Then there had been the xvart village. Her party had been walking along, into the lower, rocky foothills of the Cloudpeaks on their way to the stronghold, and found themselves at the edge of a cluster of hovels, which turned out to be populated with what must have been one hundred xvarts. You call us monster! Nexlit the xvart screeched at her. But you attack us when we do nothing to you! Ursus protect us. You the monster!

The battle had been easy enough, xvarts being mowed by the warriors like grass while Xan enchanted them into napping in droves with sleep spells. Pretending he didn't need any pointers from Xzar, Edwin had burned down the village with his first Aganazzar's Scorcher. The necromancer and conjurer had then found mutual amusement in taunting Xan with the prospect of the Fireballs they would surely be casting within a tenday. 'Ursus' had been found in his cave, hibernating, easily dispatched and netting Branwen an enchanted flail. Hacking the pathetically weak xvarts down left and right with her golden bastard sword had almost been...fun. The smell of their blood invogorating. Jade was moved to fond memories of the summer kobold-scourings with her brother and their half-orcish friend Grom among a few others, under the instructive eyes of Tethtoril. But now Nexlit's words echoed in her head again. You the monster!

And then there had been Laurel the paladin. Smiling at Jade and explaining her crusade. "Gibberlings are a plauge that must be wiped from the Sword Coast." There hadn't been much time for pondering this during the onslaught of the hostile horde, but now Jade sat and thought with a knotted stomach. If she hadn't cut Nexlit clean in half with her bastard sword, she's swear he was whispering in her ear then too. You the monster!

After finishing off a ghost story involving two human teenagers and a hobgoblin with a hook for a hand, which left Montaron in stiches, Xan shivering with his head buried in his cowl like an ostrich, Kagain smoking his pipe indifferently, and Branwen grumbling something about squeamish mainlanders, Xzar peered lucidly at Jade, who sat next to him, while Montaron next to him started up another ghost story about a necromancer named 'Poah' with a beating heart buried in his basement. Given the content of the story, Jade was comforted by her own deathly-arts practioner's fixed attention to her.

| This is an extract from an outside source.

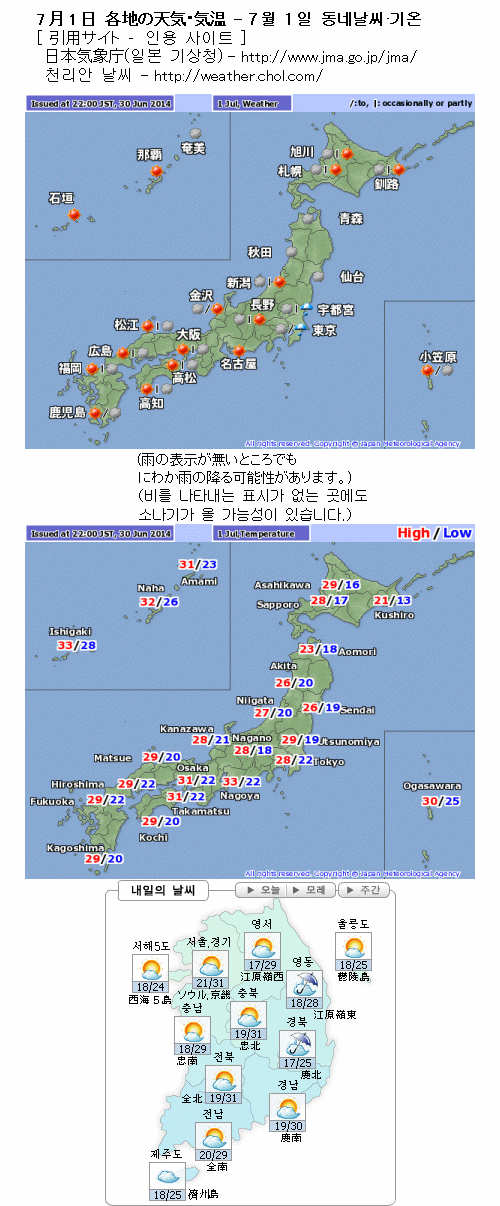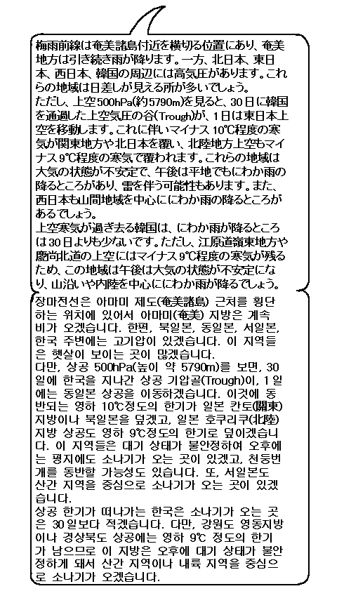 일본이나 한국 동해안 상공에는 한기가 존재하므로 이 지역들은 소나기가 오는 곳이 있겠습니다.

"Something troubling you?" he asked her in a clinical whisper.

She looked up at her childhood friend and smiled. "It's that thing I did with Mulahey, and the Amnish today...it just doesn't make any sense."

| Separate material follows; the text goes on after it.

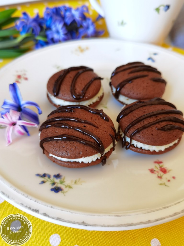 В купичка сложих мекото масло, ванилията и пудрата захар, и с миксер разбърках до гладка смес. Добавих маскарпонето и разбърках за кратко, само колкото да се смеси с останалите продукти. Шприц напълних с част от крема и шприцовах върху едната половинка сладка. Покрих с втората половинка, леко притиснах и готовата сладка сложих в чиния. По този начин приготвих всички. Получиха се 45 слепени сладки с диаметър 5 см. Прибрах ги в хладилника за 30 минути. През това време приготвях ганаша, като в купичка на водна баня сложих начупения шоколад, млякото и маслото. Загрях, докато се получи гладка и лъскава смес. Оставих леко да се охлади и украсих небрежно сладките. Тъй като еднократните ми пошове се изчерпаха, напълних обикновено найлоново пликче, направих съвсем малка дупчица и така украсих сладките.

Xzar nodded. "The Shield spell. It would seem you have some sort of innate ability, mommy."

Neither of them noticed as, from outside the circle, Edwin suddenly lifted his nose out of his spellbook and peered with beady black eyes at Jade and Xzar, his bushy eyebrows piqued with interest.

"I can't say I mind extra power," Jade twisted her mouth, "But I don't like not knowing what's happening."

The necromancer bit his knuckles, but stayed calm. "Some people just have these things you know. Magic in the blood. Like sorcerers. But your metal armor didn't seem to hinder you at-all, did it? No no nno and not today! Not like the sorcerers. Though some can, with practice. Armored arcana. Quite a feat, yes. Curious, curious. Perhaps the Dukes of Dust and their perriwinkle seers will understand..."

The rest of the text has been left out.